** The task **
Return the listing exactly. Keep no pictures.

** Provided material **

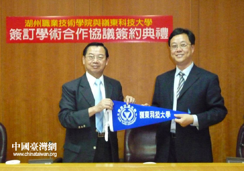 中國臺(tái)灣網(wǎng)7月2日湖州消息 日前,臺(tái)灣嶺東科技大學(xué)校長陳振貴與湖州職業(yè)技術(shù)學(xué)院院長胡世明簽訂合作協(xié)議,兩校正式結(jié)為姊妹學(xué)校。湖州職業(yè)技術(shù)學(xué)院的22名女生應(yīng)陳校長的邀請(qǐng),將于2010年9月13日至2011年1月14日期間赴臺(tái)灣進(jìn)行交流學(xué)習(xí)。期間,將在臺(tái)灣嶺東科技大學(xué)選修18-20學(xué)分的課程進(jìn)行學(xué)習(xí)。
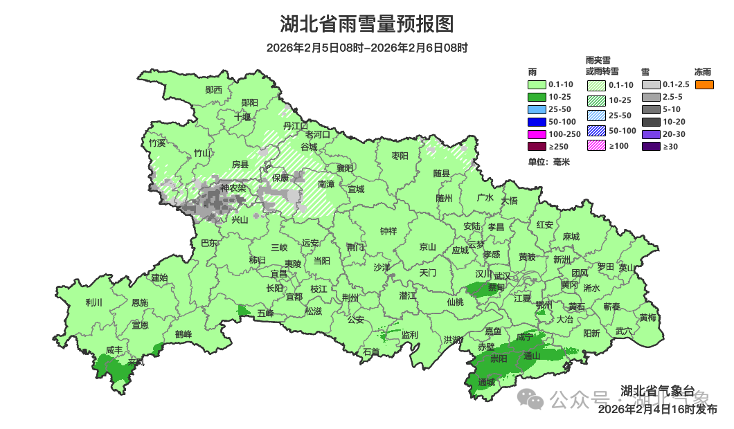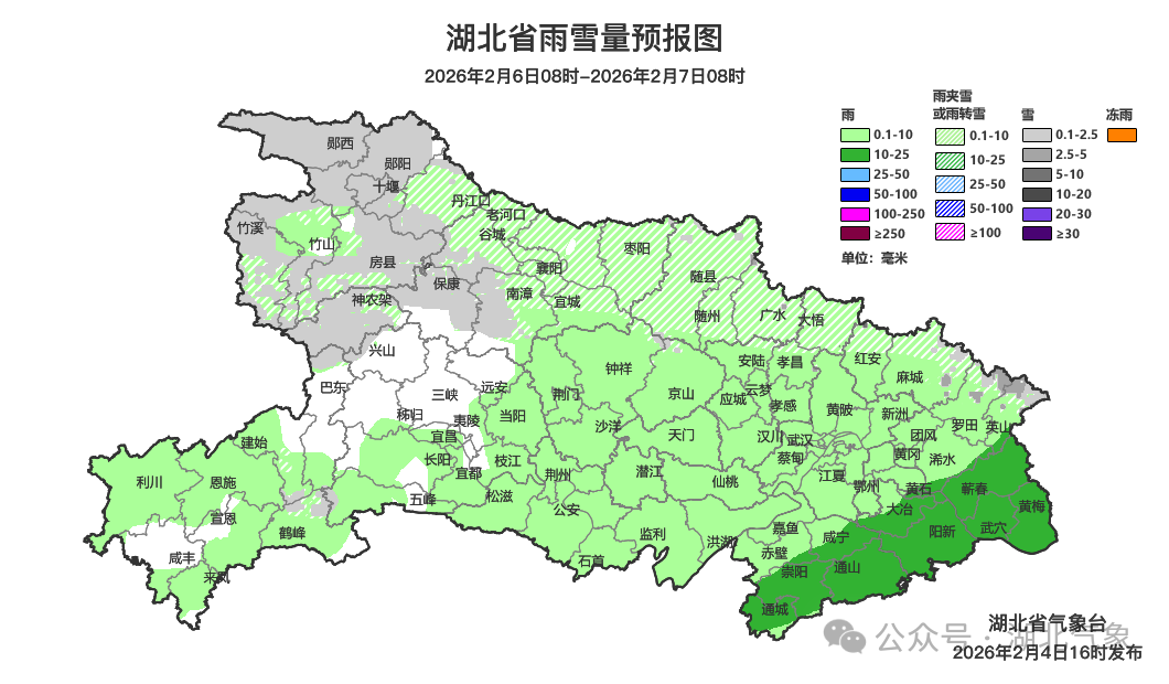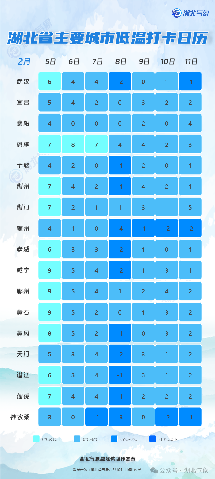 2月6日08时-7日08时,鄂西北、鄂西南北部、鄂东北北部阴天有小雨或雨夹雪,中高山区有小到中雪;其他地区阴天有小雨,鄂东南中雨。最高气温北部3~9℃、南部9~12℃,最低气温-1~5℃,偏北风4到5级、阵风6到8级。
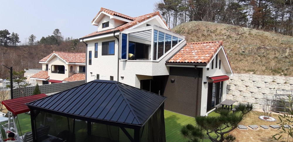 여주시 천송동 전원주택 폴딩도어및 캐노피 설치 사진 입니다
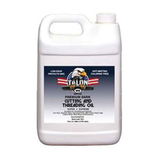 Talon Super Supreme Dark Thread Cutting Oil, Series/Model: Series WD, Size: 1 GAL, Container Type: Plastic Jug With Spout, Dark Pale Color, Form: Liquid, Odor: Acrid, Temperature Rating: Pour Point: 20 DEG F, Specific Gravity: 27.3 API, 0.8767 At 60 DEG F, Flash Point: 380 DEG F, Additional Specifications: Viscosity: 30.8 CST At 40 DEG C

** Answer to this problem **
 中國臺(tái)灣網(wǎng)7月2日湖州消息 日前,臺(tái)灣嶺東科技大學(xué)校長陳振貴與湖州職業(yè)技術(shù)學(xué)院院長胡世明簽訂合作協(xié)議,兩校正式結(jié)為姊妹學(xué)校。湖州職業(yè)技術(shù)學(xué)院的22名女生應(yīng)陳校長的邀請(qǐng),將于2010年9月13日至2011年1月14日期間赴臺(tái)灣進(jìn)行交流學(xué)習(xí)。期間,將在臺(tái)灣嶺東科技大學(xué)選修18-20學(xué)分的課程進(jìn)行學(xué)習(xí)。
 2月6日08时-7日08时,鄂西北、鄂西南北部、鄂东北北部阴天有小雨或雨夹雪,中高山区有小到中雪;其他地区阴天有小雨,鄂东南中雨。最高气温北部3~9℃、南部9~12℃,最低气温-1~5℃,偏北风4到5级、阵风6到8级。
 여주시 천송동 전원주택 폴딩도어및 캐노피 설치 사진 입니다
 Talon Super Supreme Dark Thread Cutting Oil, Series/Model: Series WD, Size: 1 GAL, Container Type: Plastic Jug With Spout, Dark Pale Color, Form: Liquid, Odor: Acrid, Temperature Rating: Pour Point: 20 DEG F, Specific Gravity: 27.3 API, 0.8767 At 60 DEG F, Flash Point: 380 DEG F, Additional Specifications: Viscosity: 30.8 CST At 40 DEG C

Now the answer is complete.